DATA =
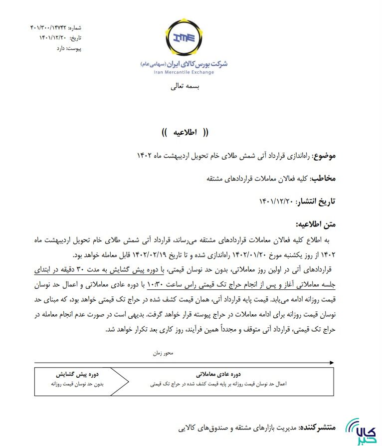 بورس کالای ایران در راستای تحقق رسالت خود در جهت توسعه ابزارهای مشتقه، اطلاعیه راه اندازی قراردادهای آتی شمش طلا را روز جاری به مورخ ۲۰/۱۲/۱۴۰۱ منتشر کرد و براساس این اطلاعیه معاملات این ابزار از تاریخ ۲۰ فرودین ۱۴۰۲ آغاز خواهد شد.
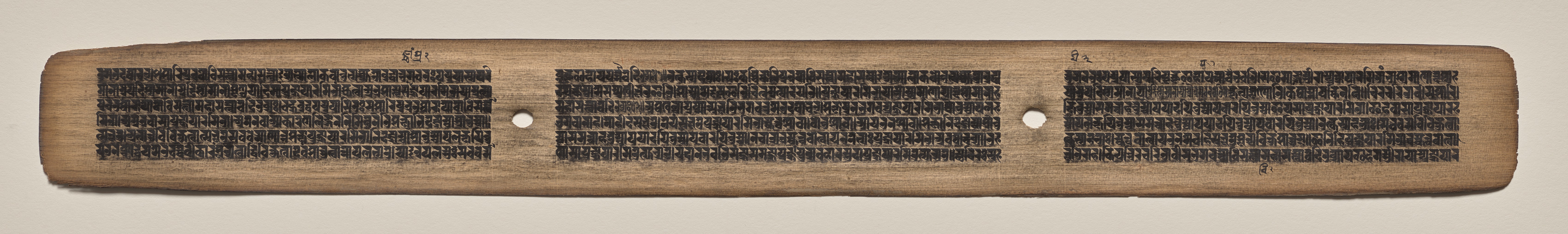 Long, narrow, light brown wooden panel. Three columns of small, dark writing. Two small holes, one between first and second columns, one between second and third. Columns are divided by holes. Text fills most of panel. Background is plain.
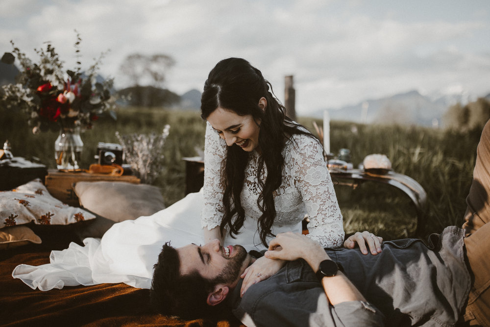It’s not everyday that you can catch a glorious mountain sunset for your wedding shoot but if you can….this is what can result!! So talk with your photographer, consult the sunset times online and plan your picnic for two. Your photographer will likely know some of the most beautiful spots to shoot and can help you plan your picnic look and theme.

PROBLEM STATEMENT =
Where an image appears in the data, skip it, and return the rest verbatim.

EXERCISE SOLUTION =
 بورس کالای ایران در راستای تحقق رسالت خود در جهت توسعه ابزارهای مشتقه، اطلاعیه راه اندازی قراردادهای آتی شمش طلا را روز جاری به مورخ ۲۰/۱۲/۱۴۰۱ منتشر کرد و براساس این اطلاعیه معاملات این ابزار از تاریخ ۲۰ فرودین ۱۴۰۲ آغاز خواهد شد.
 Long, narrow, light brown wooden panel. Three columns of small, dark writing. Two small holes, one between first and second columns, one between second and third. Columns are divided by holes. Text fills most of panel. Background is plain.
It’s not everyday that you can catch a glorious mountain sunset for your wedding shoot but if you can….this is what can result!! So talk with your photographer, consult the sunset times online and plan your picnic for two. Your photographer will likely know some of the most beautiful spots to shoot and can help you plan your picnic look and theme.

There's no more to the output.